** Opening EXERCISE DATA block **
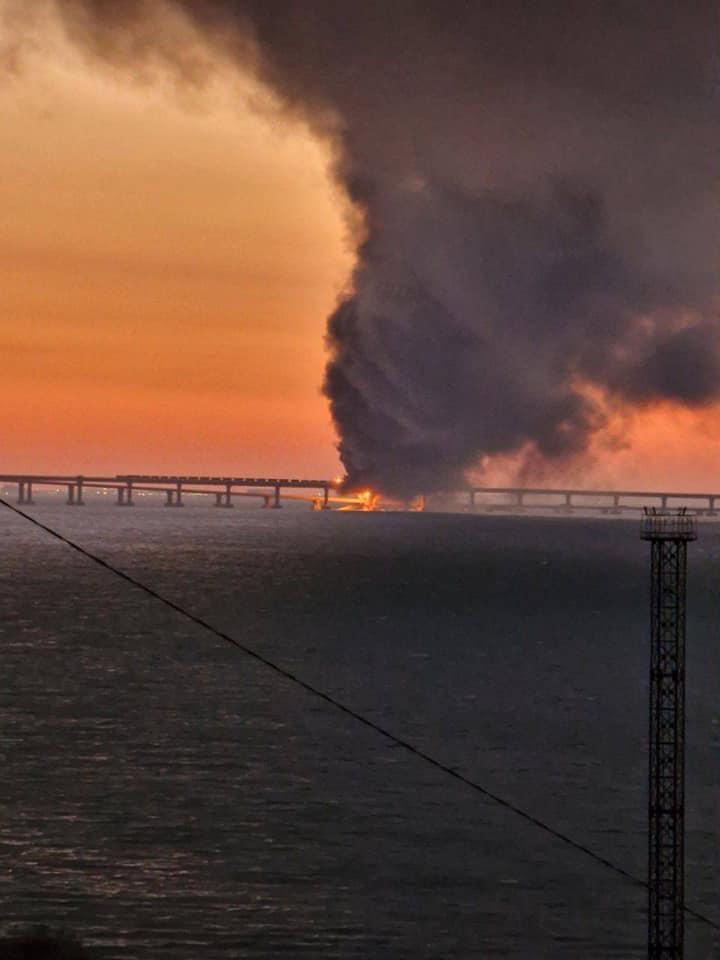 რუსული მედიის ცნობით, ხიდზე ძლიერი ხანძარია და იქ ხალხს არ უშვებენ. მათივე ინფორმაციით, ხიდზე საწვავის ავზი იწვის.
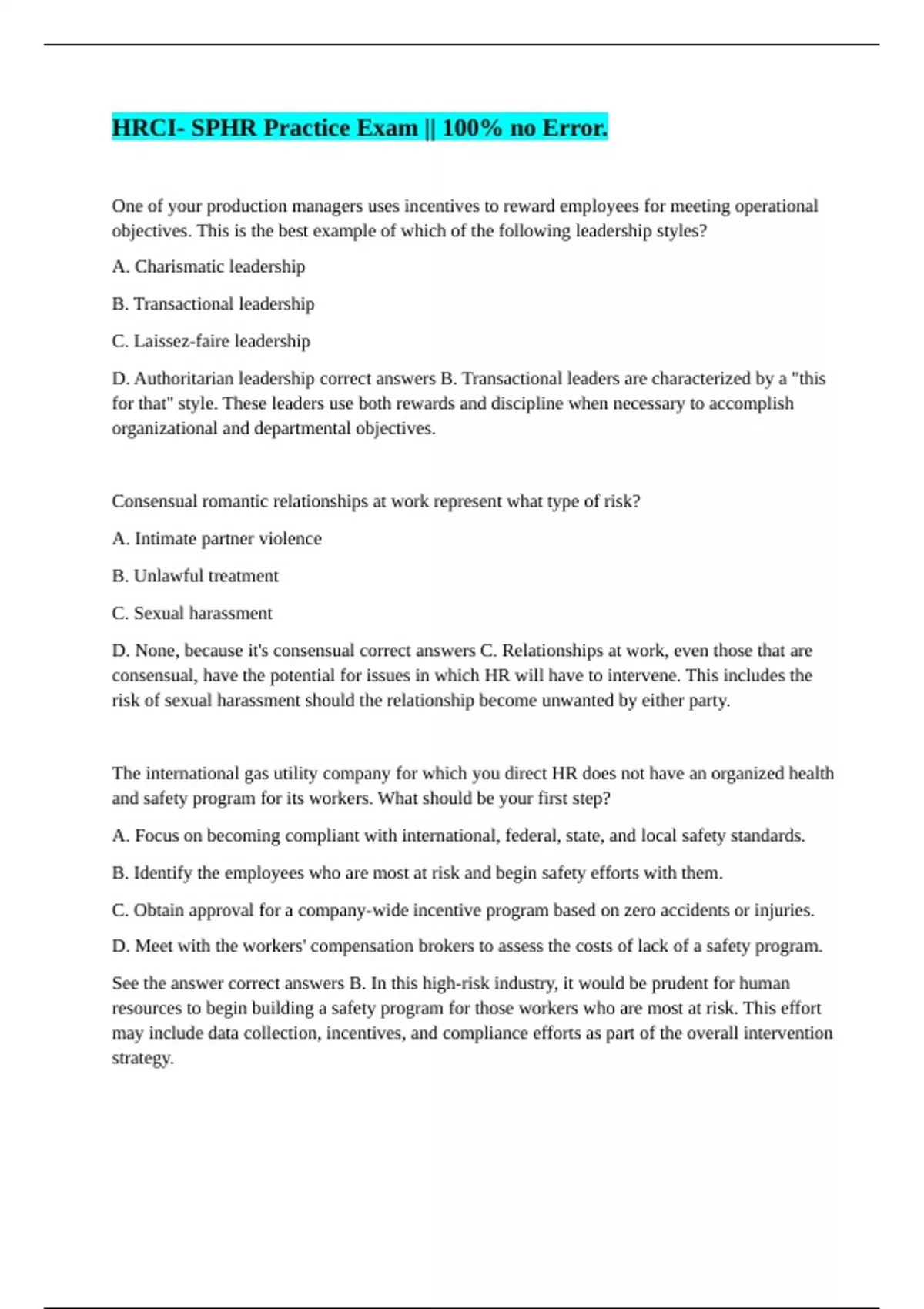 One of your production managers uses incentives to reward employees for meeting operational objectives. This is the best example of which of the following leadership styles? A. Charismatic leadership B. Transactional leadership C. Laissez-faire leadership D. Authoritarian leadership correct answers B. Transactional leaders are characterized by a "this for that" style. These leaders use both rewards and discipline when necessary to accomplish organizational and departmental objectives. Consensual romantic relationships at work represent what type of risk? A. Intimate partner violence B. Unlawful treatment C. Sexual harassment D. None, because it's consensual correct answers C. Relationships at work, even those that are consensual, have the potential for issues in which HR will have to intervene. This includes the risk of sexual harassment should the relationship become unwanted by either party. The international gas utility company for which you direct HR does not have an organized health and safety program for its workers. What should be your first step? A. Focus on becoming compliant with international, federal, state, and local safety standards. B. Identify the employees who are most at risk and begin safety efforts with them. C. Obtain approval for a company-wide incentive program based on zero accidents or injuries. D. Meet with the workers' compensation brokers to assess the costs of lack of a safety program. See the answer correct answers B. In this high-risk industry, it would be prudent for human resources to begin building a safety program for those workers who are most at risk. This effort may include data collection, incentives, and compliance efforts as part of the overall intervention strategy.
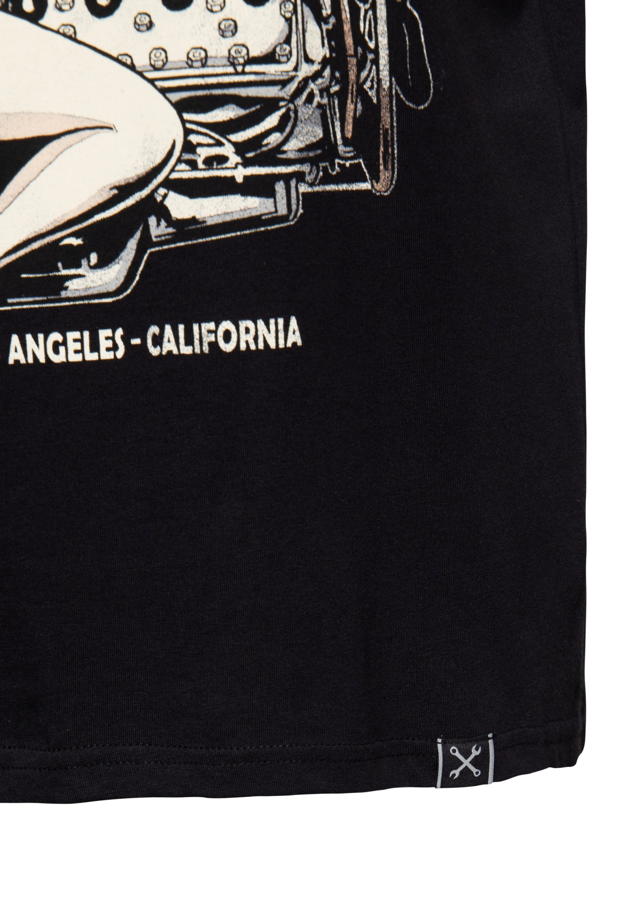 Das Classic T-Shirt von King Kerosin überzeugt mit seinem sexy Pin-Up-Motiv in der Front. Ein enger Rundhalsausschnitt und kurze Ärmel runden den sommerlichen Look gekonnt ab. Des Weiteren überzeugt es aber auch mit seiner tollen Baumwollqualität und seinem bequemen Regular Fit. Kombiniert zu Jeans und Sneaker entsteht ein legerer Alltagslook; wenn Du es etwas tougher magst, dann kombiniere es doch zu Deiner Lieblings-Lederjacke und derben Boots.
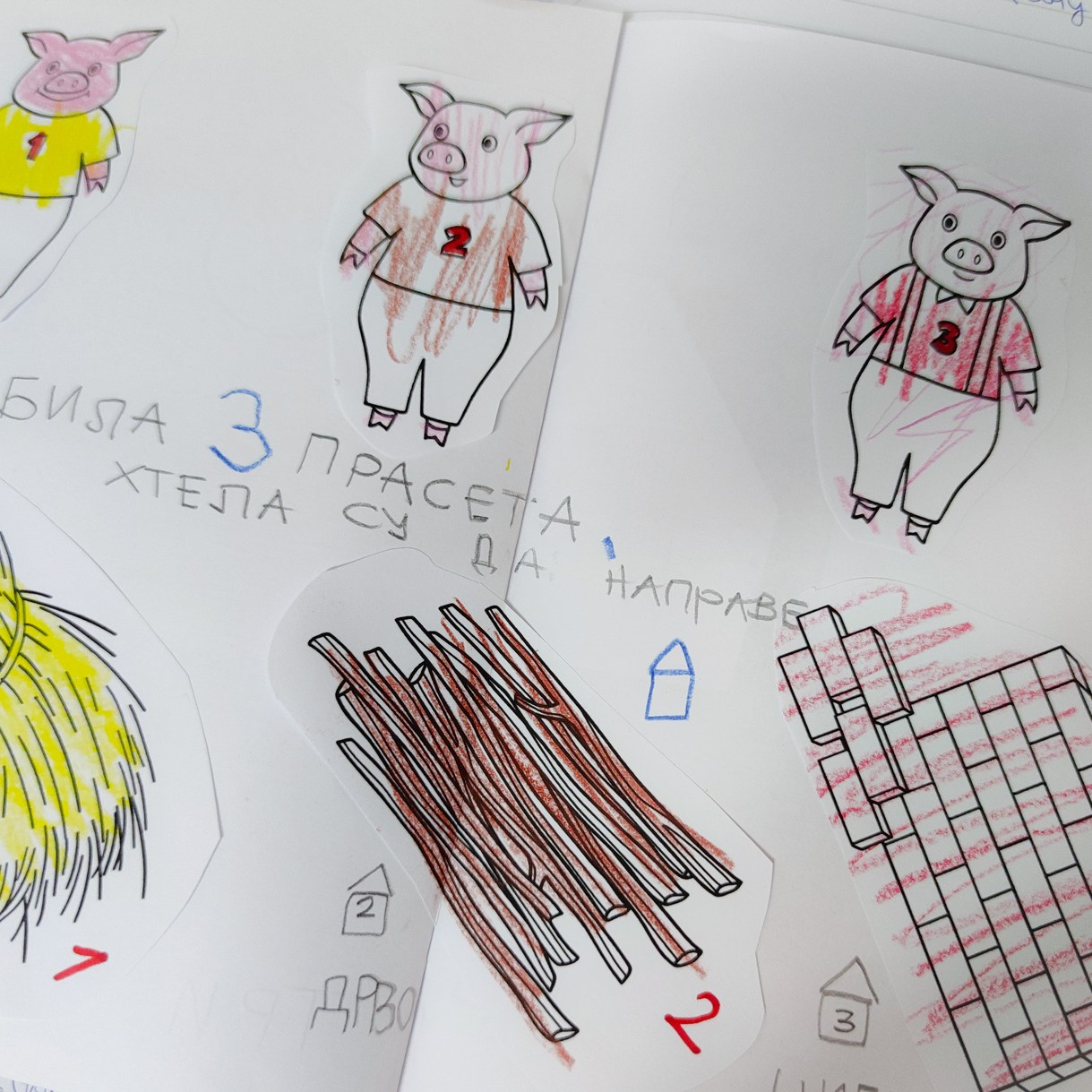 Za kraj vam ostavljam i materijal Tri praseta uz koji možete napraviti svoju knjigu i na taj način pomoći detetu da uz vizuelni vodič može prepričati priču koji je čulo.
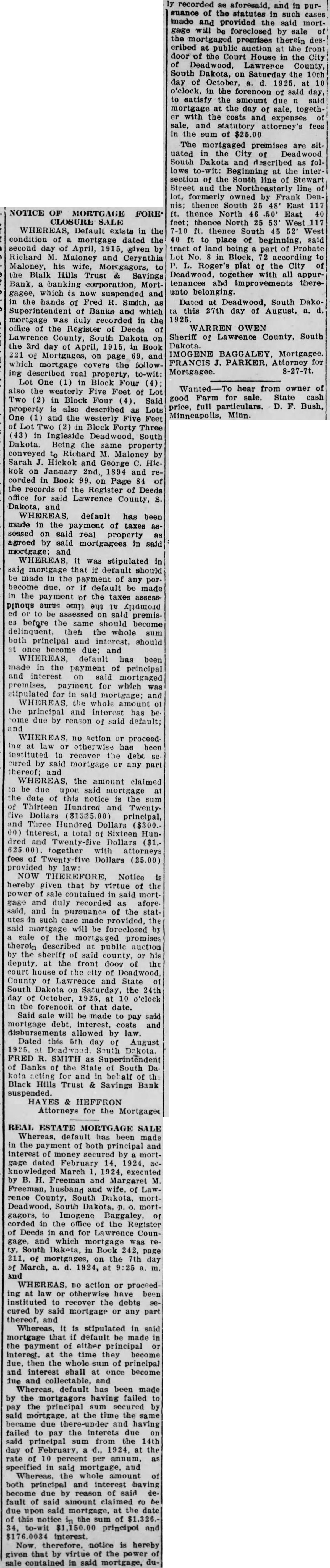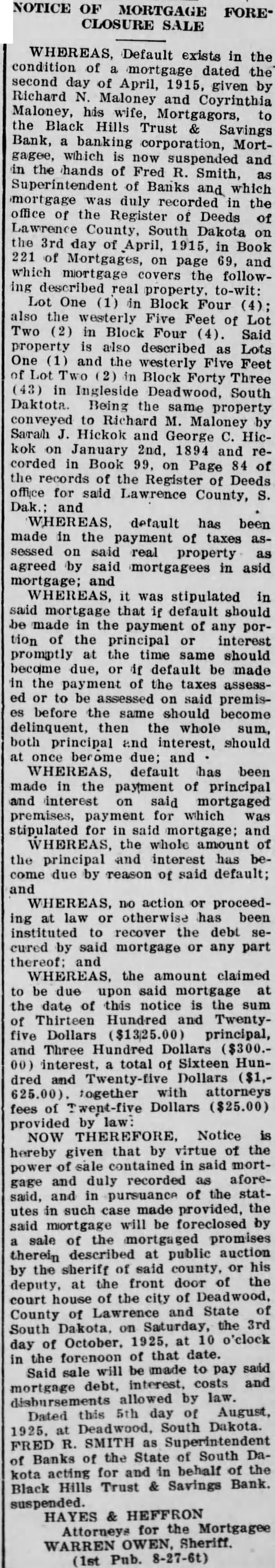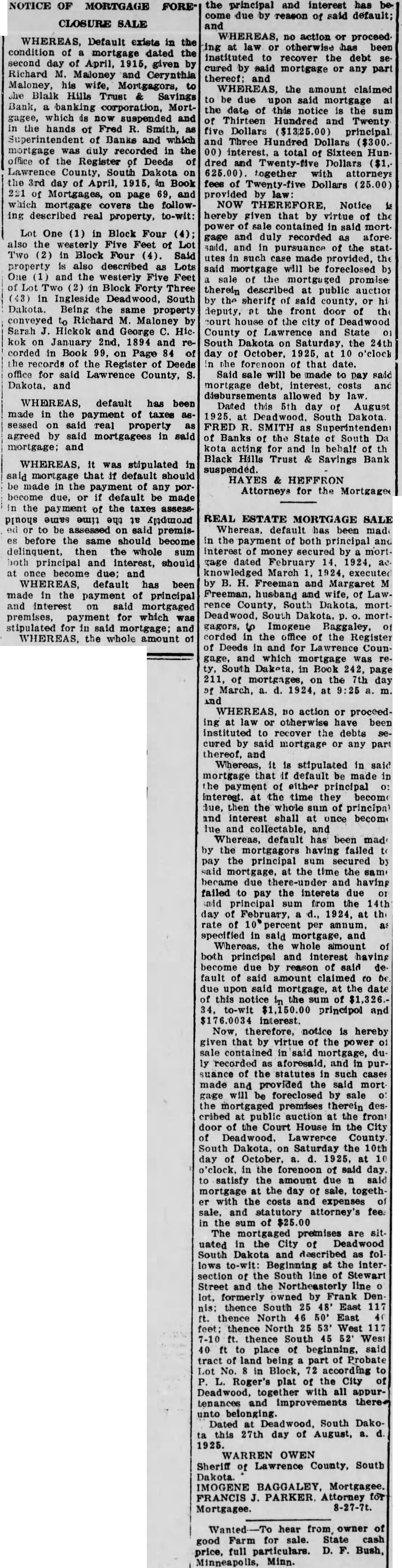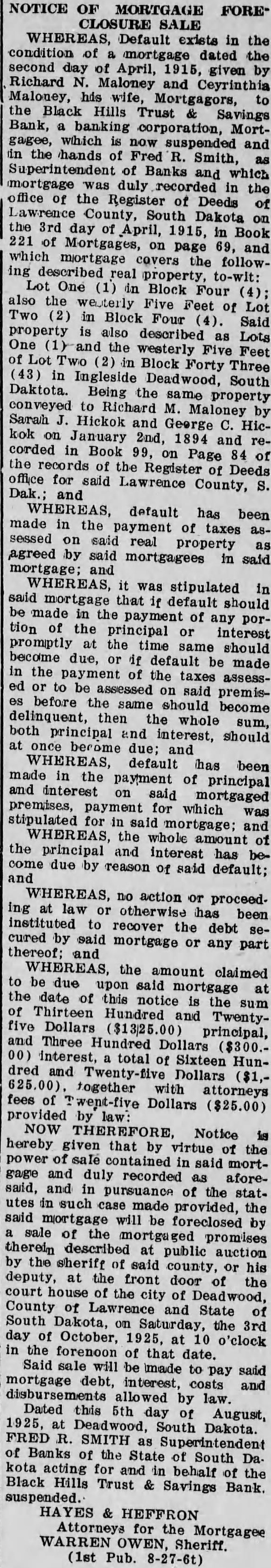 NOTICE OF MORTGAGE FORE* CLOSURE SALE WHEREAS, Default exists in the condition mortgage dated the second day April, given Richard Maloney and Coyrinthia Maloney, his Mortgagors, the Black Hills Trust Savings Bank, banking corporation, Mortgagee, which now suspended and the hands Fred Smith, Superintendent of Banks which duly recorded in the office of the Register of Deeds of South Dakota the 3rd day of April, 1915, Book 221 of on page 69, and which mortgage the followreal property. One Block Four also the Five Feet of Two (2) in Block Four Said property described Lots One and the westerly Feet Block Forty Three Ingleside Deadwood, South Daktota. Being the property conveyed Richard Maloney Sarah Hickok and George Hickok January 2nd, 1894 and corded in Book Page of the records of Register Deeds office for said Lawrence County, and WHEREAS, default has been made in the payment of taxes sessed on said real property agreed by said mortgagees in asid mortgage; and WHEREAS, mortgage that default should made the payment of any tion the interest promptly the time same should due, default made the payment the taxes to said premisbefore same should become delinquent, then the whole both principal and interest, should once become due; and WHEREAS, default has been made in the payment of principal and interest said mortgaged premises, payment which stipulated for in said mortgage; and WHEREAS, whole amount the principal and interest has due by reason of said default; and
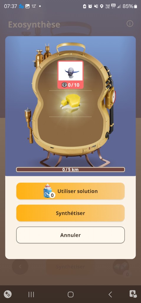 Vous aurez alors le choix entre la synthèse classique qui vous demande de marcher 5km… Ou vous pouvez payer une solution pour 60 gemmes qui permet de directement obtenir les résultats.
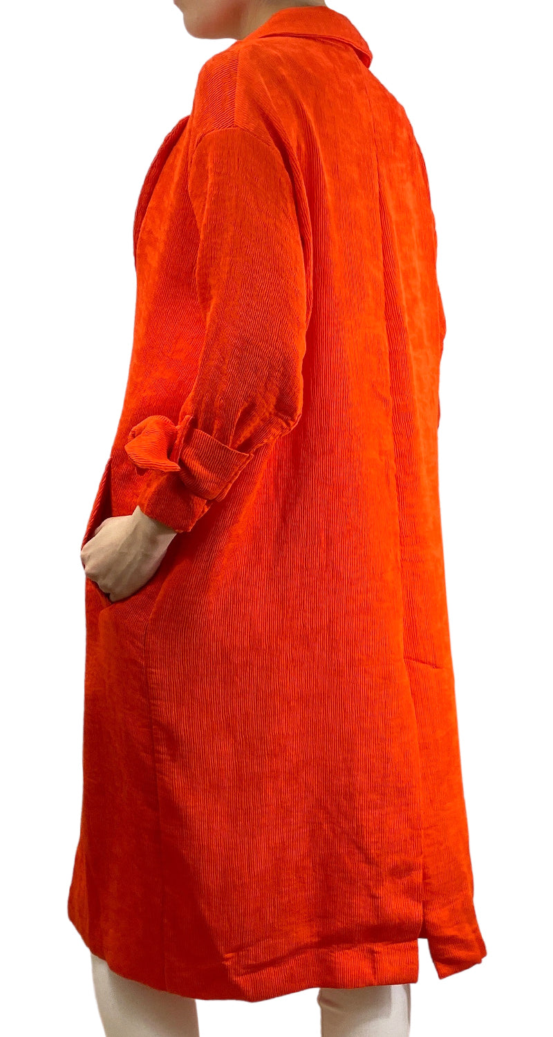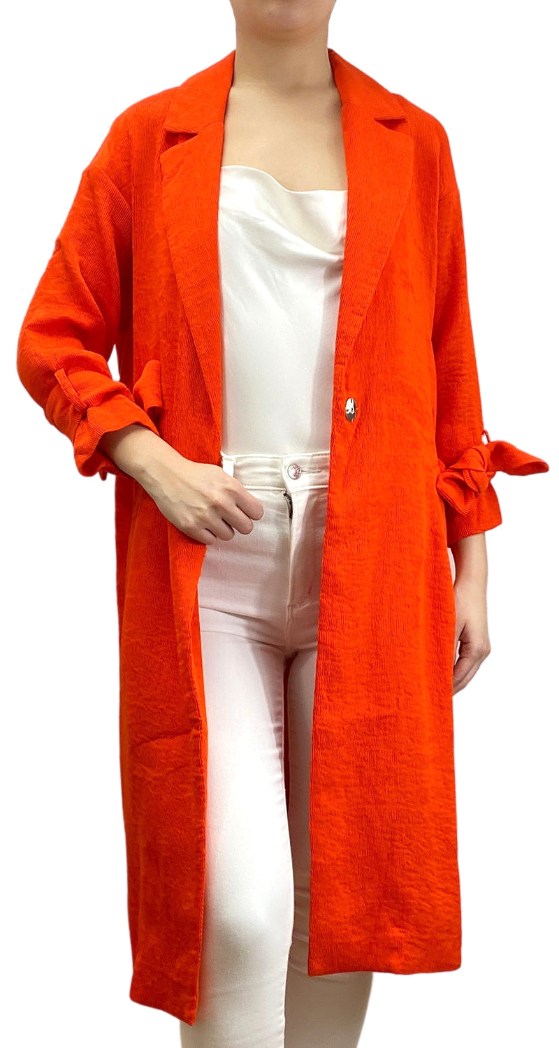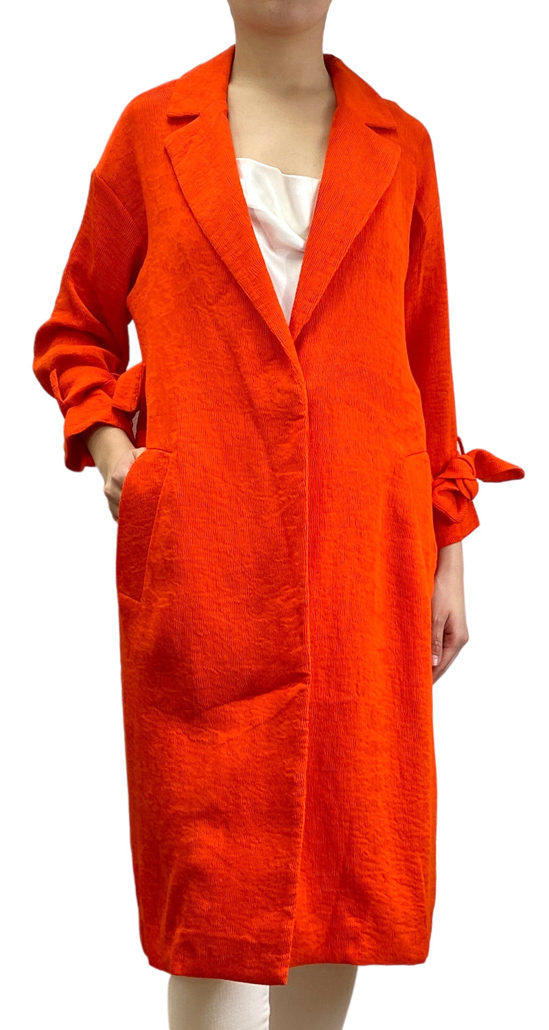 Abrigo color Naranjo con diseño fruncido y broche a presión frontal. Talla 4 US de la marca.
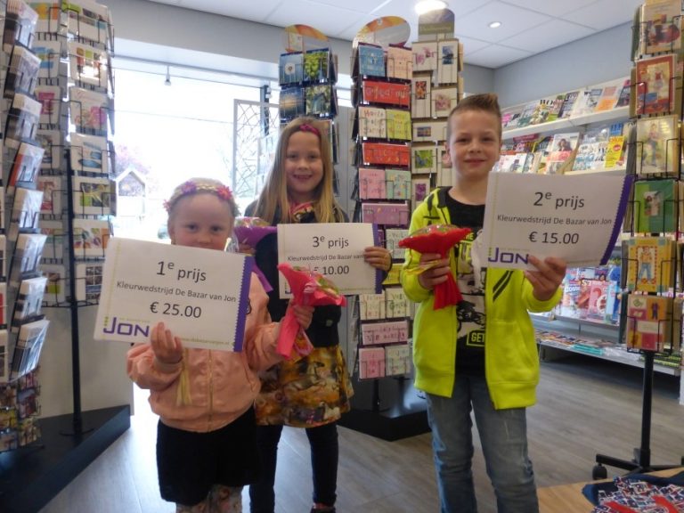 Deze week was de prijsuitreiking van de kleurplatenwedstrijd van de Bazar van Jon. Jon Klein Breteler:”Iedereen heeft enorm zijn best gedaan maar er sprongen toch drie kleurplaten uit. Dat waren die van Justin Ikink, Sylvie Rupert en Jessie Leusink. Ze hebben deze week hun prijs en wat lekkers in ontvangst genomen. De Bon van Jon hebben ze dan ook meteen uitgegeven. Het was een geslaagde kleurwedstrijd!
** Closing EXERCISE DATA block **
• _GOAL OF THE EXERCISE_: First drop every picture, then print the data above exactly as it stands.

• _WRITTEN ANSWER_:
 რუსული მედიის ცნობით, ხიდზე ძლიერი ხანძარია და იქ ხალხს არ უშვებენ. მათივე ინფორმაციით, ხიდზე საწვავის ავზი იწვის.
 One of your production managers uses incentives to reward employees for meeting operational objectives. This is the best example of which of the following leadership styles? A. Charismatic leadership B. Transactional leadership C. Laissez-faire leadership D. Authoritarian leadership correct answers B. Transactional leaders are characterized by a "this for that" style. These leaders use both rewards and discipline when necessary to accomplish organizational and departmental objectives. Consensual romantic relationships at work represent what type of risk? A. Intimate partner violence B. Unlawful treatment C. Sexual harassment D. None, because it's consensual correct answers C. Relationships at work, even those that are consensual, have the potential for issues in which HR will have to intervene. This includes the risk of sexual harassment should the relationship become unwanted by either party. The international gas utility company for which you direct HR does not have an organized health and safety program for its workers. What should be your first step? A. Focus on becoming compliant with international, federal, state, and local safety standards. B. Identify the employees who are most at risk and begin safety efforts with them. C. Obtain approval for a company-wide incentive program based on zero accidents or injuries. D. Meet with the workers' compensation brokers to assess the costs of lack of a safety program. See the answer correct answers B. In this high-risk industry, it would be prudent for human resources to begin building a safety program for those workers who are most at risk. This effort may include data collection, incentives, and compliance efforts as part of the overall intervention strategy.
 Das Classic T-Shirt von King Kerosin überzeugt mit seinem sexy Pin-Up-Motiv in der Front. Ein enger Rundhalsausschnitt und kurze Ärmel runden den sommerlichen Look gekonnt ab. Des Weiteren überzeugt es aber auch mit seiner tollen Baumwollqualität und seinem bequemen Regular Fit. Kombiniert zu Jeans und Sneaker entsteht ein legerer Alltagslook; wenn Du es etwas tougher magst, dann kombiniere es doch zu Deiner Lieblings-Lederjacke und derben Boots.
 Za kraj vam ostavljam i materijal Tri praseta uz koji možete napraviti svoju knjigu i na taj način pomoći detetu da uz vizuelni vodič može prepričati priču koji je čulo.
 NOTICE OF MORTGAGE FORE* CLOSURE SALE WHEREAS, Default exists in the condition mortgage dated the second day April, given Richard Maloney and Coyrinthia Maloney, his Mortgagors, the Black Hills Trust Savings Bank, banking corporation, Mortgagee, which now suspended and the hands Fred Smith, Superintendent of Banks which duly recorded in the office of the Register of Deeds of South Dakota the 3rd day of April, 1915, Book 221 of on page 69, and which mortgage the followreal property. One Block Four also the Five Feet of Two (2) in Block Four Said property described Lots One and the westerly Feet Block Forty Three Ingleside Deadwood, South Daktota. Being the property conveyed Richard Maloney Sarah Hickok and George Hickok January 2nd, 1894 and corded in Book Page of the records of Register Deeds office for said Lawrence County, and WHEREAS, default has been made in the payment of taxes sessed on said real property agreed by said mortgagees in asid mortgage; and WHEREAS, mortgage that default should made the payment of any tion the interest promptly the time same should due, default made the payment the taxes to said premisbefore same should become delinquent, then the whole both principal and interest, should once become due; and WHEREAS, default has been made in the payment of principal and interest said mortgaged premises, payment which stipulated for in said mortgage; and WHEREAS, whole amount the principal and interest has due by reason of said default; and
 Vous aurez alors le choix entre la synthèse classique qui vous demande de marcher 5km… Ou vous pouvez payer une solution pour 60 gemmes qui permet de directement obtenir les résultats.
 Abrigo color Naranjo con diseño fruncido y broche a presión frontal. Talla 4 US de la marca.
 Deze week was de prijsuitreiking van de kleurplatenwedstrijd van de Bazar van Jon. Jon Klein Breteler:”Iedereen heeft enorm zijn best gedaan maar er sprongen toch drie kleurplaten uit. Dat waren die van Justin Ikink, Sylvie Rupert en Jessie Leusink. Ze hebben deze week hun prijs en wat lekkers in ontvangst genomen. De Bon van Jon hebben ze dan ook meteen uitgegeven. Het was een geslaagde kleurwedstrijd!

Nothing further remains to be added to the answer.